SGLang provides a direct inference engine without the need for an HTTP server, especially for use cases where additional HTTP server adds unnecessary complexity or overhead. Here are two general use cases:

- Offline Batch Inference
- Custom Server on Top of the Engine

This document focuses on the offline batch inference, demonstrating four different inference modes:

- Non-streaming synchronous generation
- Streaming synchronous generation
- Non-streaming asynchronous generation
- Streaming asynchronous generation

Additionally, you can easily build a custom server on top of the SGLang offline engine. A detailed example working in a python script can be found in [custom_server](https://github.com/sgl-project/sglang/blob/main/examples/runtime/engine/custom_server.py).



## Nest Asyncio
Note that if you want to use **Offline Engine** in ipython or some other nested loop code, you need to add the following code:
```python
import nest_asyncio

nest_asyncio.apply()

```

## Advanced Usage

The engine supports [vlm inference](https://github.com/sgl-project/sglang/blob/main/examples/runtime/engine/offline_batch_inference_vlm.py) as well as [extracting hidden states](https://github.com/sgl-project/sglang/blob/main/examples/runtime/hidden_states). 

Please see [the examples](https://github.com/sgl-project/sglang/tree/main/examples/runtime/engine) for further use cases.

## Offline Batch Inference

SGLang offline engine supports batch inference with efficient scheduling.

In [1]:
# launch the offline engine
import asyncio

import sglang as sgl
import sglang.test.doc_patch
from sglang.utils import async_stream_and_merge, stream_and_merge

llm = sgl.Engine(model_path="qwen/qwen2.5-0.5b-instruct")

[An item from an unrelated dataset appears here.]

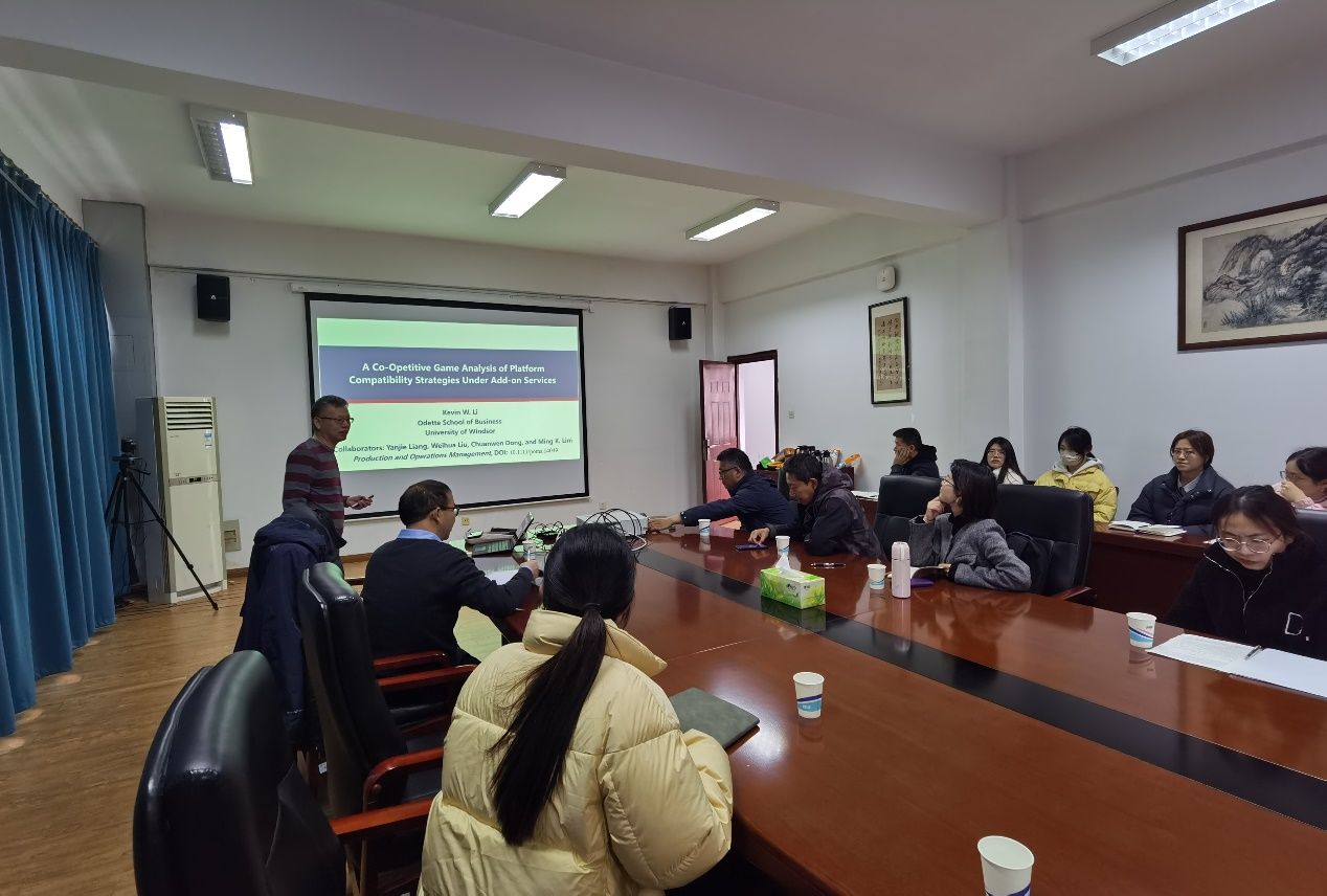 12月13日下午,加拿大温莎大学Odette商学院李武教授应学院邀请,于育贤楼C402做了题为《A Co-Opetitive Game Analysis of Platform Compatibility Strategies Under Add-on Services》的学术讲座。讲座由B站

W0830 06:44:15.695000 3006600 torch/utils/cpp_extension.py:2425] TORCH_CUDA_ARCH_LIST is not set, all archs for visible cards are included for compilation. 
W0830 06:44:15.695000 3006600 torch/utils/cpp_extension.py:2425] If this is not desired, please set os.environ['TORCH_CUDA_ARCH_LIST'] to specific architectures.




W0830 06:44:24.312000 3007265 torch/utils/cpp_extension.py:2425] TORCH_CUDA_ARCH_LIST is not set, all archs for visible cards are included for compilation. 
W0830 06:44:24.312000 3007265 torch/utils/cpp_extension.py:2425] If this is not desired, please set os.environ['TORCH_CUDA_ARCH_LIST'] to specific architectures.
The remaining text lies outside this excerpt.